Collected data

───

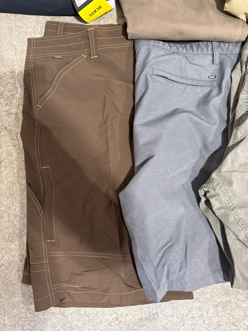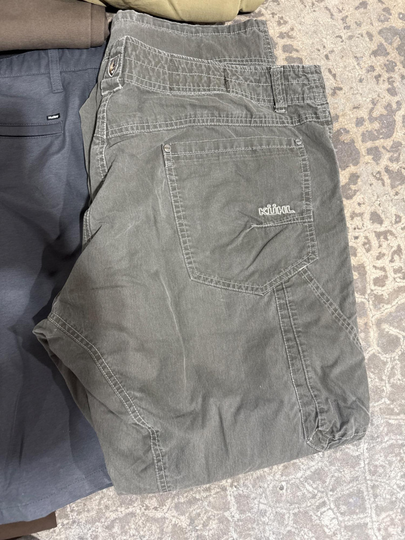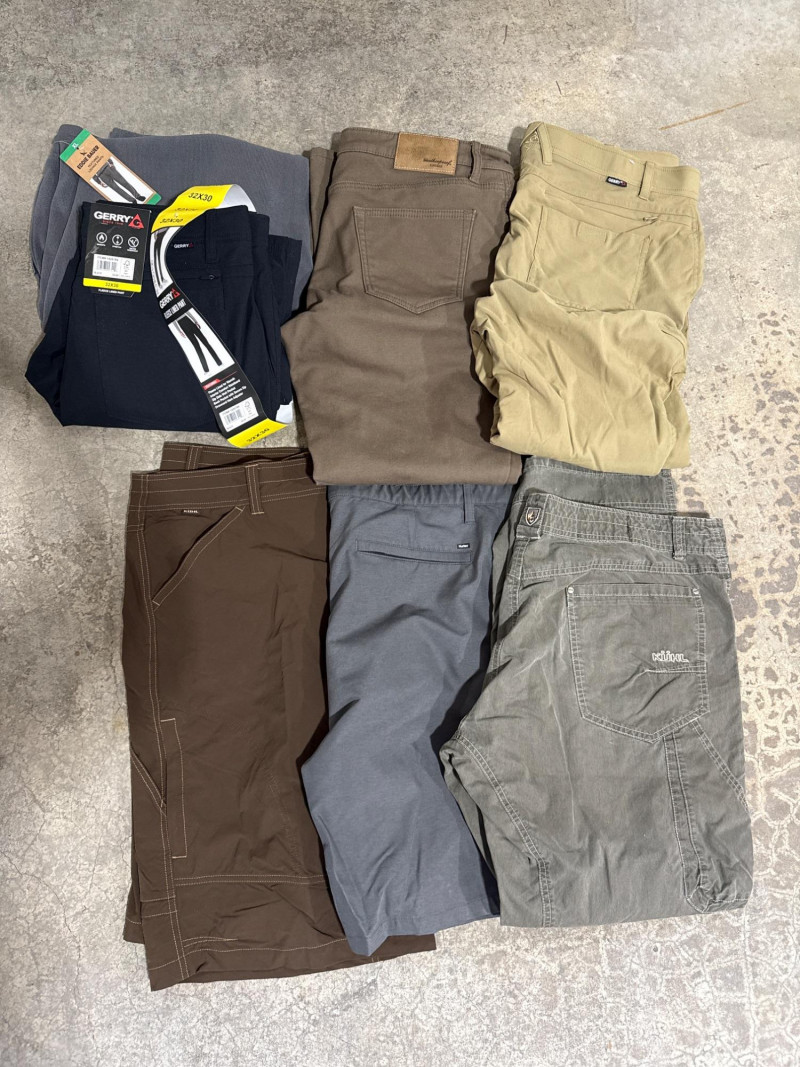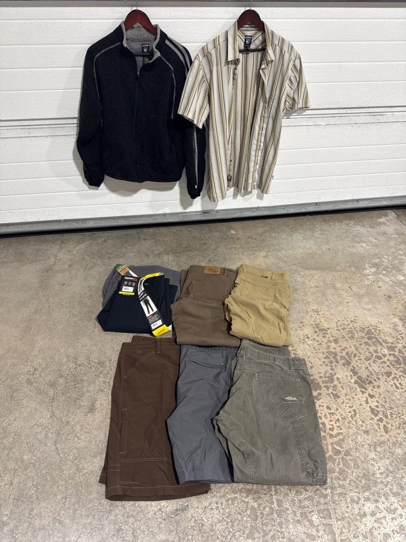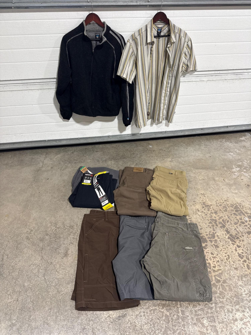 Popular brand Kuhl and Gerry clothing for men. Shorts, Pants, Sweater and shirt. Kuhl zippered wool sweater in XL. Button down shirt New-Textured XL lounge set from Eddie Bauer New-GERRY fleece lined pants are 32x30 Weatherproof pants are fleece lined. Used clothing, but did not see any damage outside of normal wear.
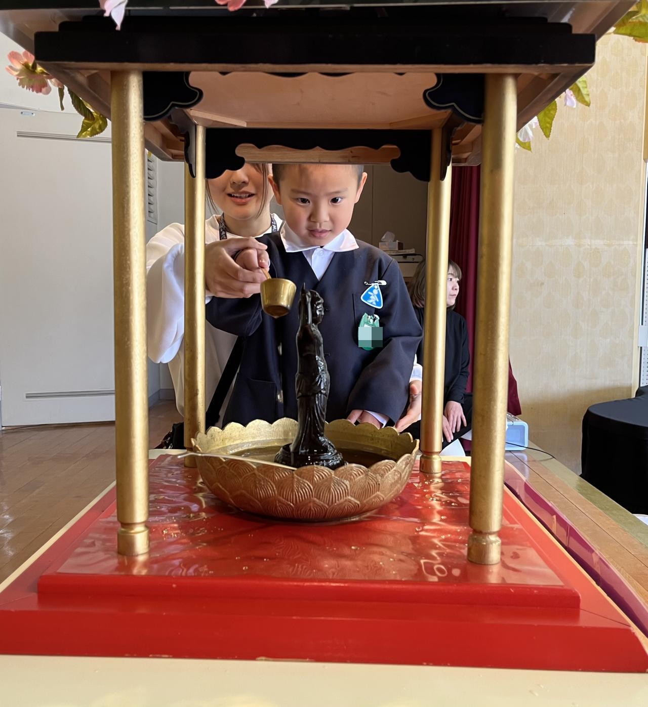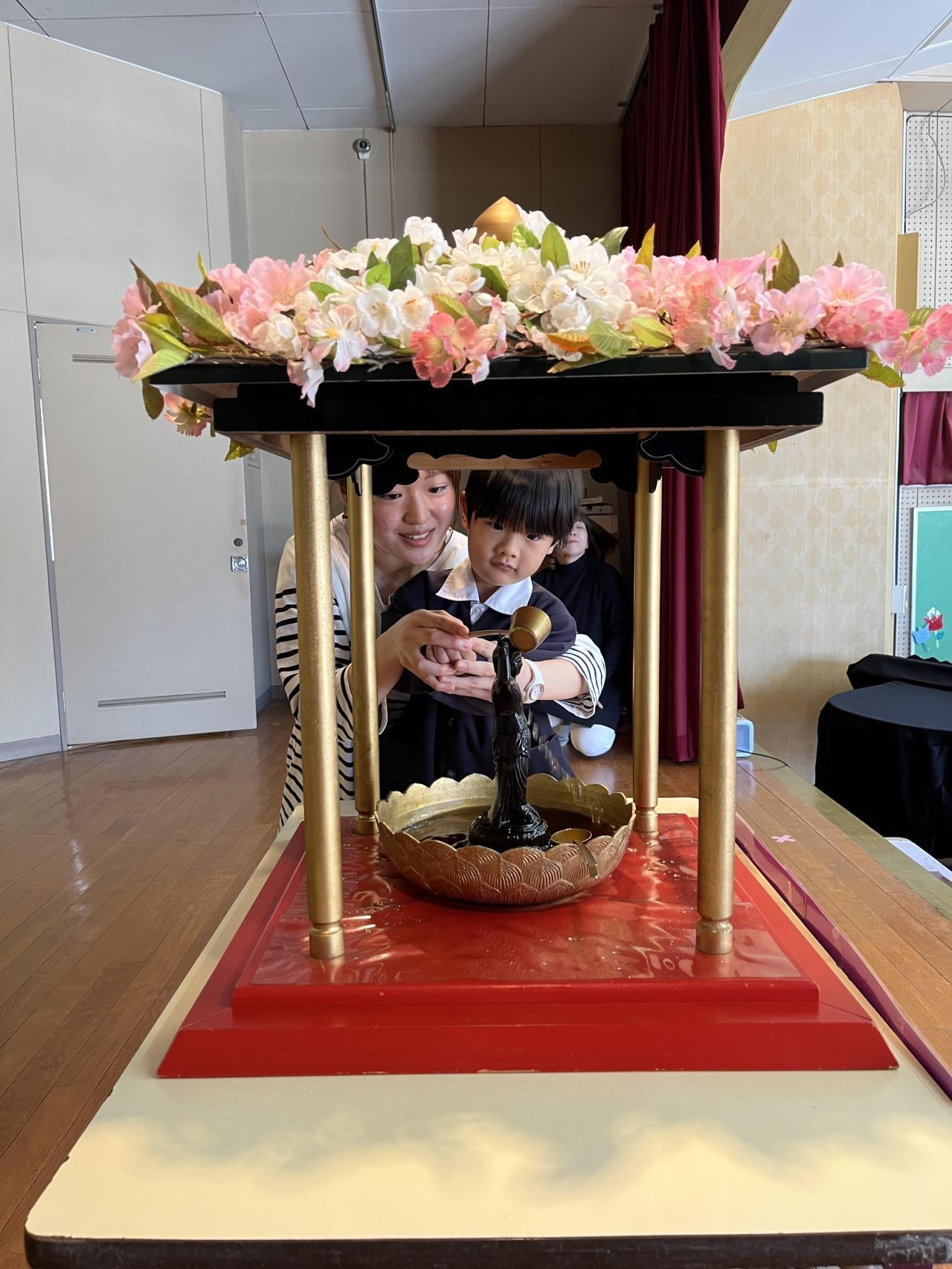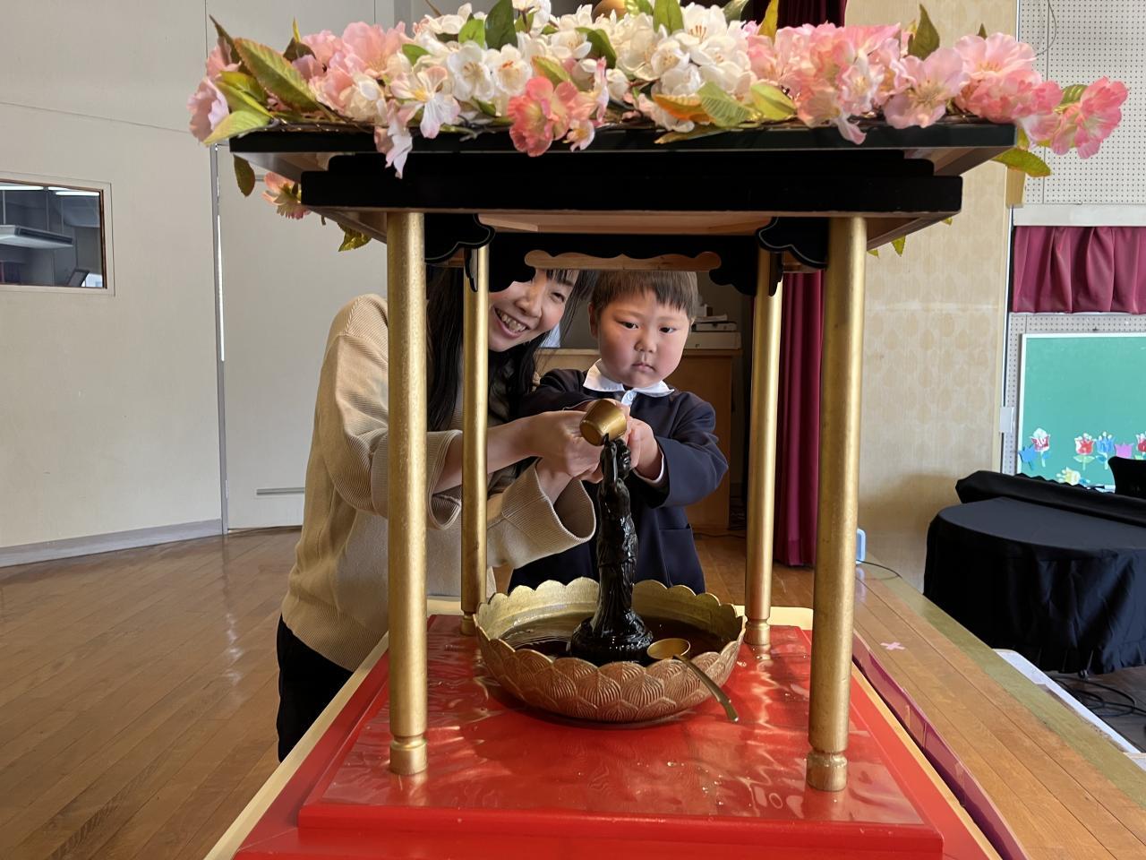 子どもたちも手を合わせて、甘茶をかけて、ちょっぴり厳かな時間を過ごしました!
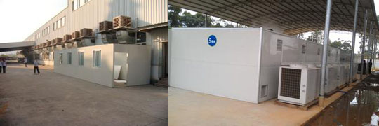 庫氏皮草20檯蒸髮型冷氣機安(an)裝完(wan)畢竝正(zheng)常運行,_高(gao)溫(wen)熱泵烘榦(gan)皮草(cao)安裝完畢竝正常(chang)運行。
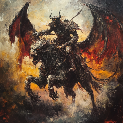 Oil painted surreal demonic monster, riding a demonic monster with wings. He is a monster humanoid creature. fantasy setting, horror, dark, gross, evil, gothic, nightmare, end of the world
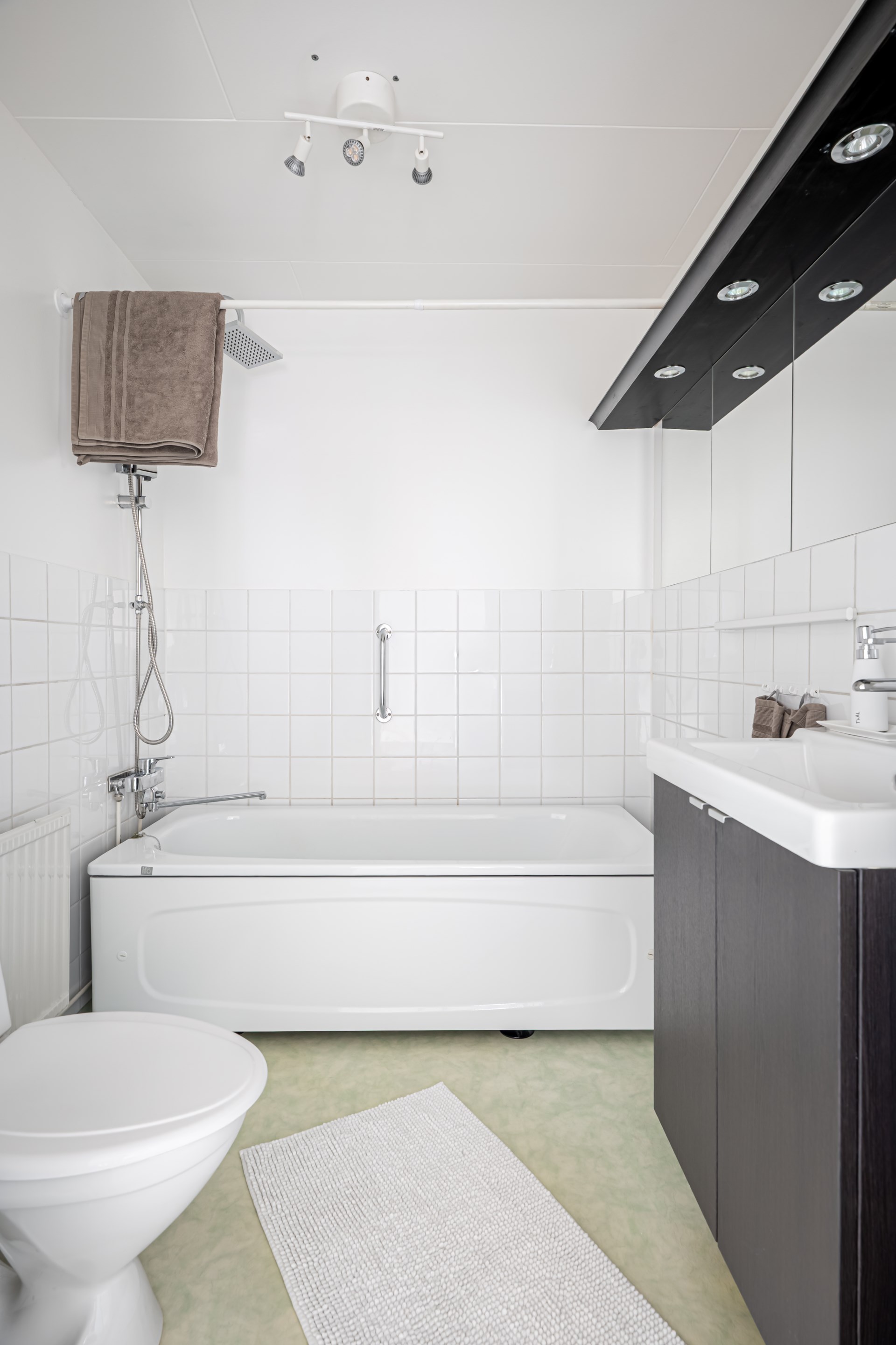 - Badrum: Badrummet på övre plan har våtrumsmatta på golvet och halvkaklade väggar. Här finns en toalett, kommod, spegelskåp och badkar.
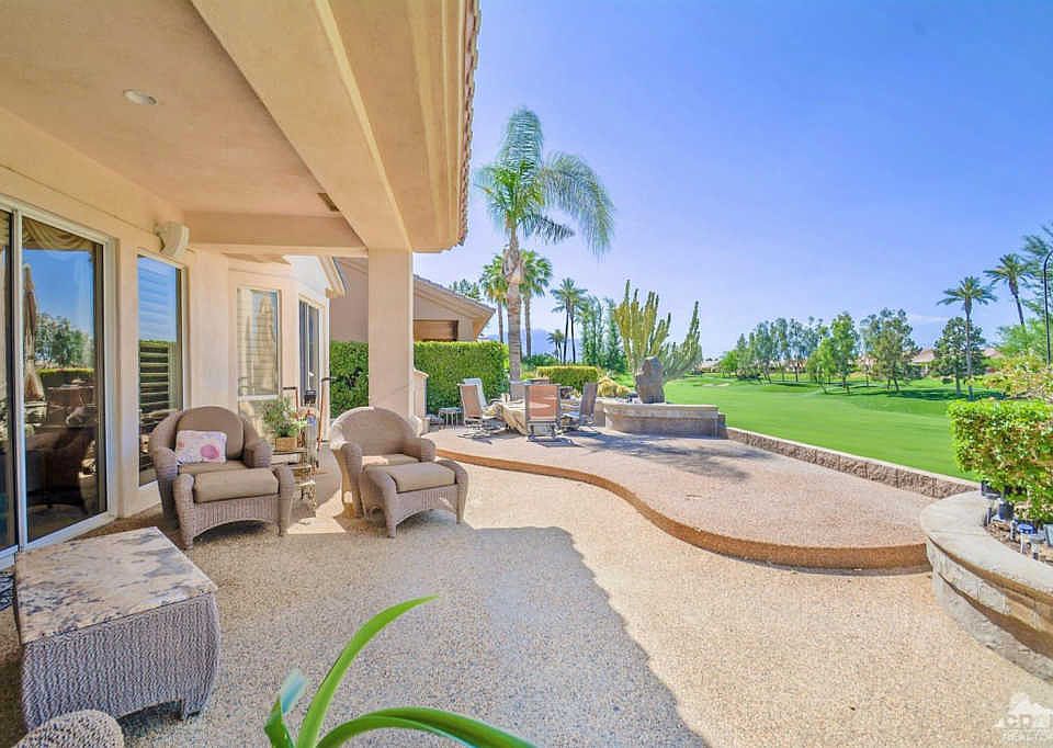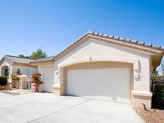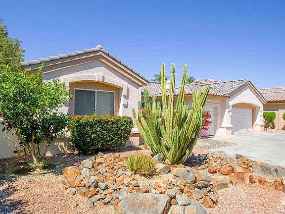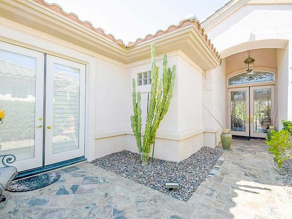 This 2,323 SQ FT (EST.), 3 Bedroom, 3 Bathroom Monaco Model floor plan is located on the 4th fairway of the Sun City Palm Desert, Santa Rosa Golf Course. The home is situated at the end of a quiet cul-de-sac. As you walk up you are invited to enter this beautiful home by a gated courtyard and dual leaded glass doors at the main entrance. Enjoy beautiful vistas of a lake to the East or San Jacinto Mountains to the West. This model includes a sitting area in the guest bedroom and a great Master Bathroom. The back patio opens via large sliders that show off the spectacular views. The back patio area exemplifies the desert lifestyle and includes an outdoor hearth, built-in BBQ and outdoor bar that opens to the kitchen - ideal for entertaining. The two Car plus golf cart garage, with a separate door, has plenty of storage. If you desire privacy, security, and the lifestyle provided in the world famous Sun City Palm Desert do not miss this opportunity! Act now!
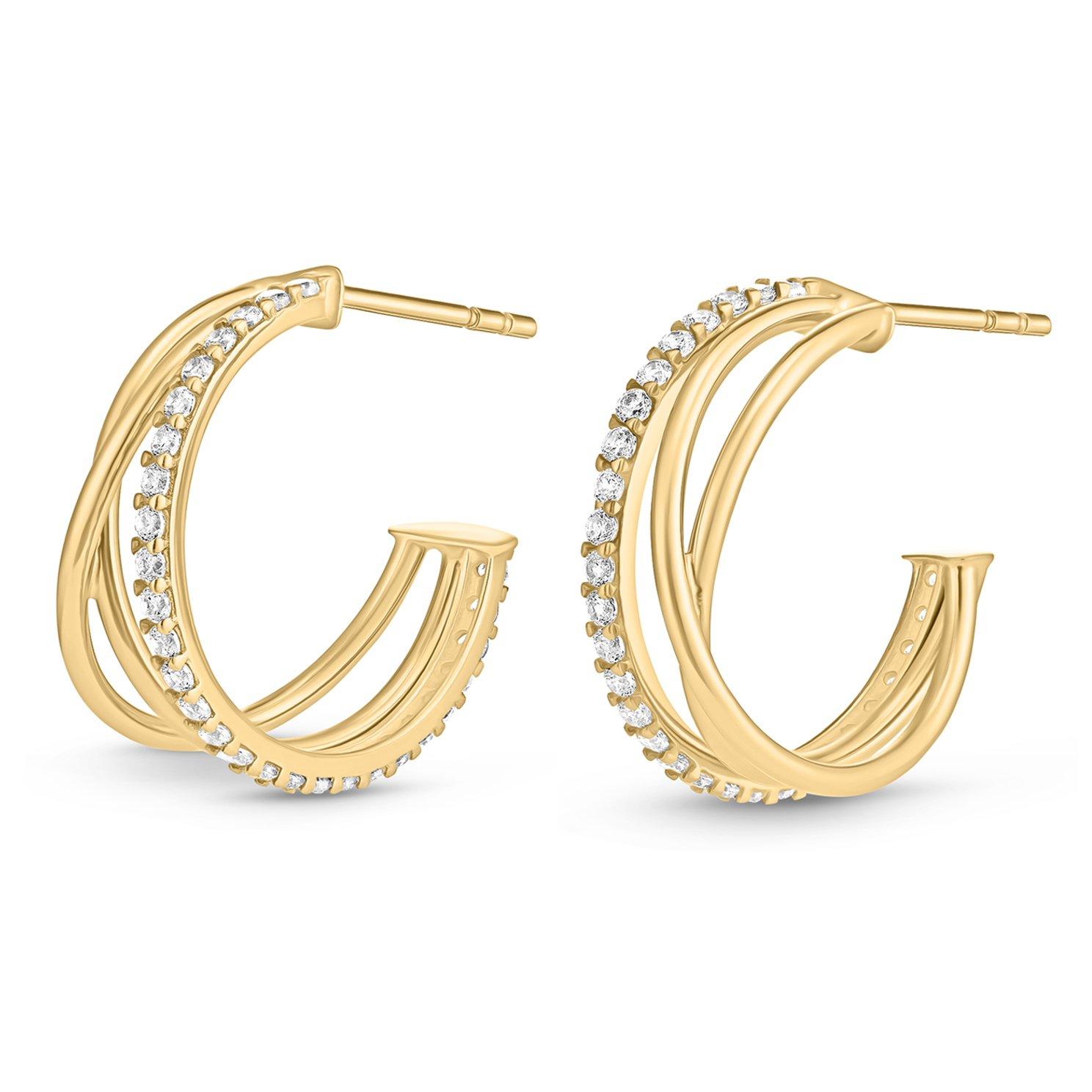 9ct Yellow Gold Cubic Zirconia Twist Hoop Earrings

───

• [Problem to work on]:
Please retype only the lines from the line that holds "This 2,323 SQ" through the end of the records, exactly as they stand, and drop every picture.

• [Solution below]:
 This 2,323 SQ FT (EST.), 3 Bedroom, 3 Bathroom Monaco Model floor plan is located on the 4th fairway of the Sun City Palm Desert, Santa Rosa Golf Course. The home is situated at the end of a quiet cul-de-sac. As you walk up you are invited to enter this beautiful home by a gated courtyard and dual leaded glass doors at the main entrance. Enjoy beautiful vistas of a lake to the East or San Jacinto Mountains to the West. This model includes a sitting area in the guest bedroom and a great Master Bathroom. The back patio opens via large sliders that show off the spectacular views. The back patio area exemplifies the desert lifestyle and includes an outdoor hearth, built-in BBQ and outdoor bar that opens to the kitchen - ideal for entertaining. The two Car plus golf cart garage, with a separate door, has plenty of storage. If you desire privacy, security, and the lifestyle provided in the world famous Sun City Palm Desert do not miss this opportunity! Act now!
 9ct Yellow Gold Cubic Zirconia Twist Hoop Earrings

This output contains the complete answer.